И все же, как только по Франкфурту разнесся слух, что я намерен в ближайшее время совершить полет, три именитые горожанина обратились ко мне с просьбой удостоить их чести полететь вместе со мной. Мы должны были подняться через два дня с площади Театра комедии. Я стал немедленно приводить в порядок свой аэростат. Он был сделан из шелка, пропитанного гуттаперчей, веществом, не подверженным действию кислот и абсолютно непроницаемым для газов. Объем моего шара достигал трех тысяч кубических метров, что позволяло взлететь на огромную высоту.

День, назначенный для полета, совпадал с большой франкфуртской ярмаркой, ежегодно привлекающей в город множество народу. Светильный газ превосходного качества и исключительной подъемной силы своевременно мне доставили, и к одиннадцати часам утра шар был уже наполнен на три четверти всего объема. Эта предосторожность необходима, ибо по мере того как поднимаешься, атмосфера становится все более разреженной, газ, заключенный в оболочке аэростата, начинает с силой на нее давить и легко может прорвать шелк. Сделав надлежащие вычисления, я определил, какое количество газа необходимо, чтобы поднять меня и моих спутников.

Полет был назначен на двенадцать часов дня. Площадь являла великолепное зрелище. Возбужденная толпа теснилась за отведенной для меня оградой, заполняя все пространство вокруг; все окрестные улицы были запружены народом. Дома на площади были унизаны людьми от нижних этажей до коньков черепичных крыш. Свирепствовавшие последние дни ветры стихли. Безоблачное небо дышало палящим зноем. В воздухе ни малейшего дуновения. В такую погоду можно опуститься как раз на то место, откуда поднялся.

Я захватил с собой триста фунтов балласта, рассыпанного по мешкам. Круглая гондола, диаметром в четыре фута и глубиной в три, была превосходно оборудована. Пеньковая сетка равномерно облегала всю поверхность верхнего полушария аэростата; компас находился на своем месте, барометр был подвешен к кольцу, стягивавшему канаты гондолы, и якорь был в полной исправности. Мы могли лететь.

В толпе, теснившейся вокруг ограды, мое внимание привлек молодой человек с бледным, взволнованным лицом. Его вид поразил меня. Он был усердным посетителем моих полетов; я уже примечал его в различных немецких городах. С тревогой в глазах он жадно всматривался в диковинный аппарат, неподвижно повисший в воздухе в нескольких футах над землей. Из всей толпы он один наблюдал молча.

Часы пробили двенадцать. Пора было подниматься. Но спутников моих все нет как нет.

Я послал на дом за всеми тремя и узнал, что один уехал в Гамбург, другой отлучился в Вену, а третий направился в Лондон.

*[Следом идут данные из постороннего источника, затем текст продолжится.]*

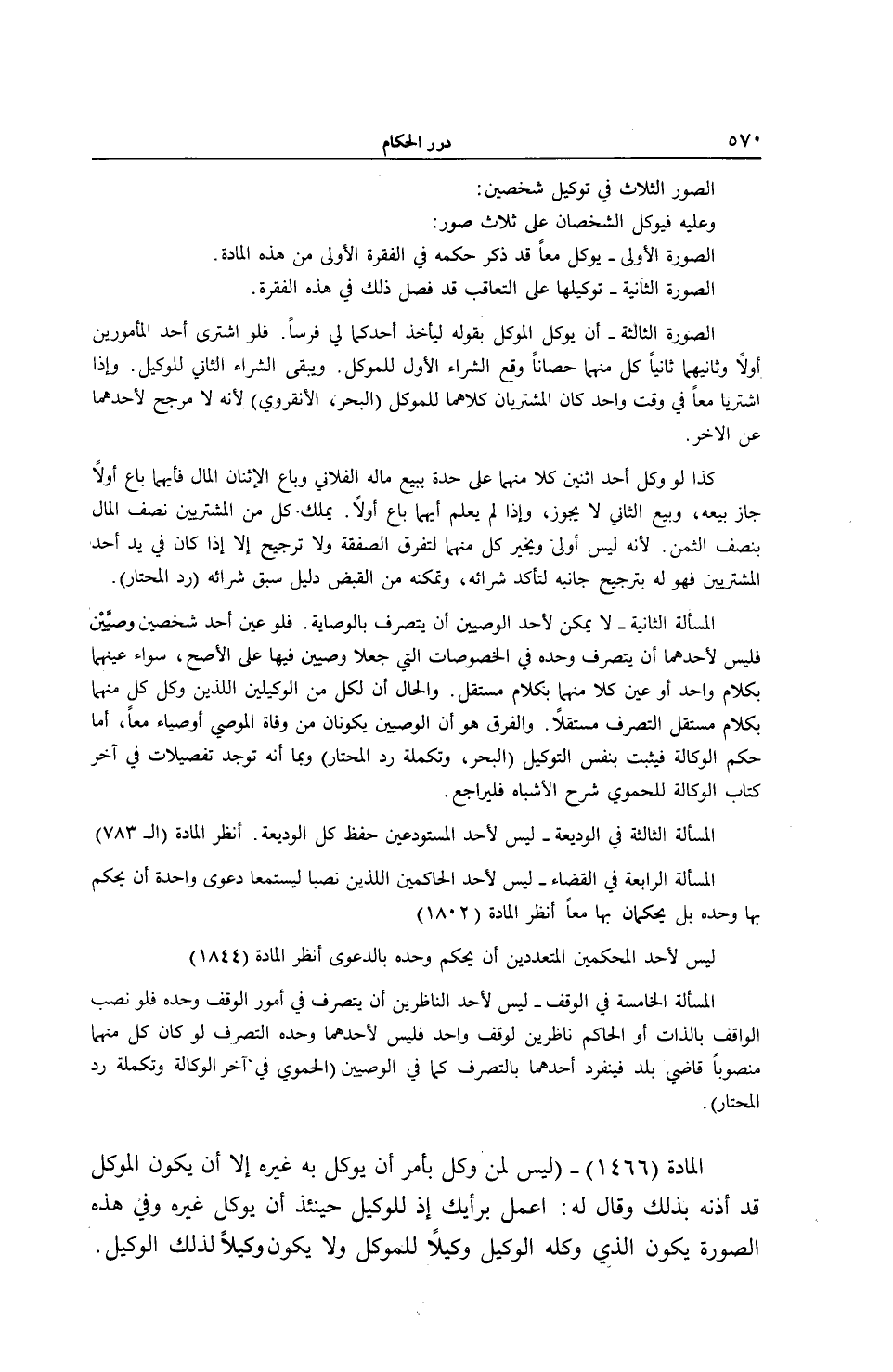 الصُّوَرُ الثَّلَاثُ فِي تَوْكِيلِ شَخْصَيْنِ: وَعَلَيْهِ فَيُوَكَّلُ الشَّخْصَانِ عَلَى ثَلَاثِ صُوَرٍ: الصُّورَةُ الْأُولَى: يُوَكِّلُ مَعًا قَدْ ذُكِرَ حُكْمُهُ فِي الْفِقْرَةِ الْأُولَى مِنْ هَذِهِ الْمَادَّةِ.

В последний момент у них не хватило духу, и они уклонились от предприятия, которое благодаря искусству современных аэронавтов стало совершенно безопасным. Так как они в какой-то мере являлись участниками празднества, то и испугались, как бы их не заставили выполнить программу празднеств до конца! Они удрали из театра в момент, когда должен был взлететь занавес. Их храбрость, очевидно, была обратно пропорциональна квадрату скорости… их бегства.

Толпа, обманутая в своих ожиданиях, проявляла недовольство… Я не колеблясь решил подниматься один. Чтобы восстановить необходимое соотношение между подъемной способностью шара и изменившейся нагрузкой, я возместил необходимый вес добавочными мешками с песком и взобрался в гондолу. Двенадцать рабочих, державших аэростат за тросы, прикрепленные к нему по его наибольшей окружности, слегка потравили их. Шар поднялся на несколько футов над землей. Стоял абсолютный штиль. Тяжелый воздух был точно налит свинцом.

— Готово? — крикнул я.

Рабочие встали по местам. Я еще раз бегло осмотрел аэростат, — пора давать сигнал к отлету.

— Внимание!

В толпе произошло какое-то движение: мне показалось, что кто-то проник в ограду.

— Отдать концы!

Шар стал медленно подниматься, но тут я ощутил толчок и упал на дно гондолы.

Когда я поднялся на ноги, то очутился лицом к лицу с непредвиденным спутником. Это был тот бледный молодой человек, которого я заметил в толпе.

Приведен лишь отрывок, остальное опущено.